Closed funderburkjim closed 7 months ago

funderburkjim commented 2 years ago

There are quite a few unmarked abbreviations in pw.txt. Derive a procedure for identifying and marking many of these.

funderburkjim commented 2 years ago

This work done in abbrev directory.

It is known that there remain unmarked abbreviations within text marked as italic. (These were intentionally avoided in current work, due to potential interaction with possible automated english translation work).

funderburkjim commented 2 years ago

italic text.

Decided to add<ab> markup to italic text fragments.

There are over 170000 italic text fragments (135000 entries) in pw.

In these about 10500 additional abbreviation markups were added (9800 of them for 'best.' bestimmte - a certain (kind of)).

freq_ab_2.txt gives the updated abbreviation frequency counts.

Andhrabharati commented 2 years ago

@funderburkjim It appears that you had checked only for "candidates" preceded by a space.

There are more unmarked candidates that could be identified from this list (made by "breaking" the pw.txt at spaces and taking '.' entries)- pw_hunt (ab and lex tags).txt

I had used the file updated by you above (csl-orig/v02/pw/pw.txt).

Of course, few in this list might need some textual correction as I had seen randomly (but not corrected).

funderburkjim commented 2 years ago

My 'candidates' were the abbreviations that already have tooltips: pwab_input.txt

I did not require a preceding space, though most of the unmarked abbreviations were in fact preceded by a space.

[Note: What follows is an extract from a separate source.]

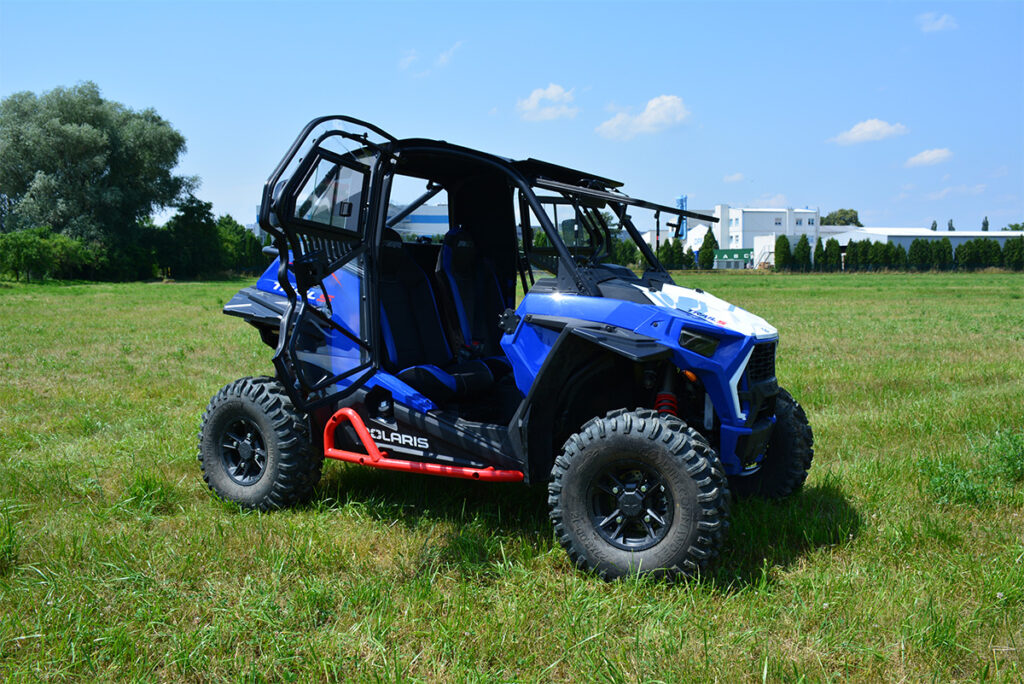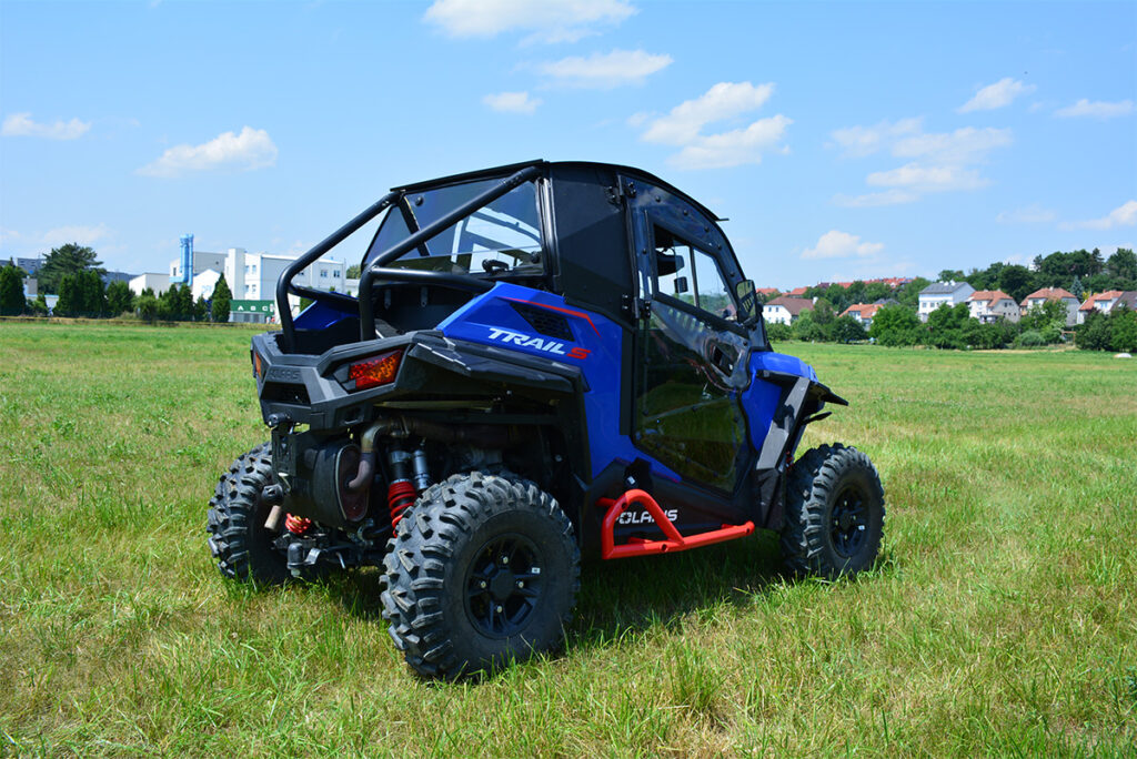 Vyhřívaná kabina pro Polaris RZR TRAIL S, čiré polykarbonátové dveře, uzamykatelné, o 180° otevíratelné, s posuvnými okny, přední okno z bezpečnostního skla se stěračem a ostřikovačem, zadní čelo z čirého tvrzeného UV-odolného polykarbonátu, teplovodní topení

Your pwhunt list has over 5300 items. Most of these are surely NOT abbreviations. It might be that there are some in this list which ARE abbreviations, but which do not yet appear in pwbib_input.txt. And it would be good to (a) add these to pwbib_input.txt and (b) mark them with<ab>X</ab> markup.

@thomasincambodia could supply us with German tooltips, but we should not dump a list of 5300 words in his lap to weed through.

The list needs to be reduced by excluding words that are in a list of known German words. Could @drdhaval2785 or @Andhrabharati do this?

Andhrabharati commented 2 years ago

@funderburkjim

My main intention in giving the list, is to point to the unmarked (listed) ab texts with opening/closing (or both) brace.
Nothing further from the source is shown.